The film resistivity of the transparent conductive film obtained by sputtering the sputtering target for a transparent conductive film formed of an oxide sintered body containing In, Sn, and Si is higher as the content of Sn is higher. Therefore, in order to obtain a transparent conductive film having high film resistivity, at least one of the Sn content and the Si content may be increased. That is, even if the Sn content is small, if the Si content is increased accordingly, a transparent conductive film having high film resistivity can be obtained. However, with respect to the chemical resistance of the transparent conductive film, even if the Si content is increased, the Sn content does not increase as long as it is small. Therefore, in order to obtain sufficient chemical resistance of the transparent conductive film, it is necessary to make the Sn content of the target SnO ₂ Converted to 15.0 mass% or more. In addition, the Sn content of the target is SnO ₂ In the case of 15.0 mass% or more in terms of Si content, Si content is SiO in order to obtain a transparent conductive film having a sufficiently high film resistivity ₂ Converted to 3.0% by mass or more, but not necessarily 10.0% by mass. On the other hand, if the Sn content of the target is SnO ₂ If the conversion exceeds 65.0 mass%, the resistivity becomes high, and DC sputtering cannot be performed. That is, the sputtering target for transparent conductive film of the present invention is prepared by adding SnO ₂ A Sn content of 15.0 to 65.0 mass% in terms of SiO ₂ The combination of Si contents in terms of 3.0 mass% or more and less than 10.0 mass% enables DC sputtering, and the combination can achieve both high film resistivity and high chemical resistance of the formed transparent conductive film.

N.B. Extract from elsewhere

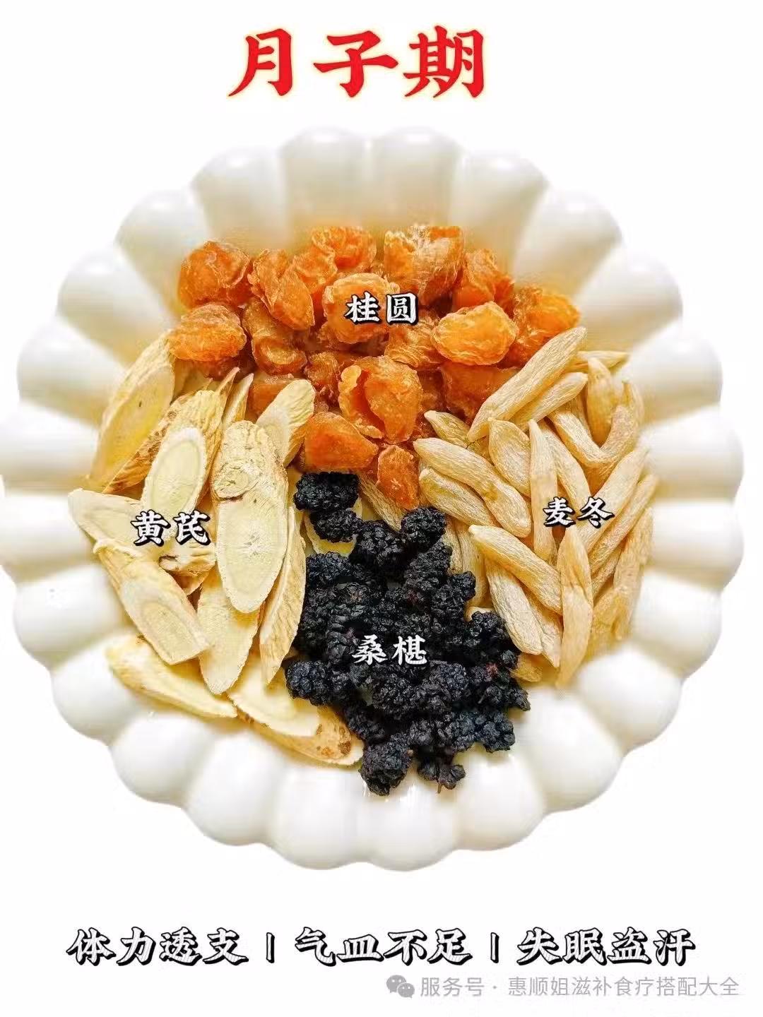 材料:黃芪10克、桑椹5克、桂圓5顆、麥冬5克

The relative density of the sputtering target for a transparent conductive film is preferably 98.0% or more, more preferably 98.5% or more, and still more preferably 99.0% or more. When the relative density is 98.0% or more, sputtering can be performed efficiently without generating nodules and arcs. The upper limit of the relative density is not particularly limited, and may be more than 100%. The above relative density is a value measured based on the archimedes method.

The sputtering target for a transparent conductive film can be produced, for example, by the following method.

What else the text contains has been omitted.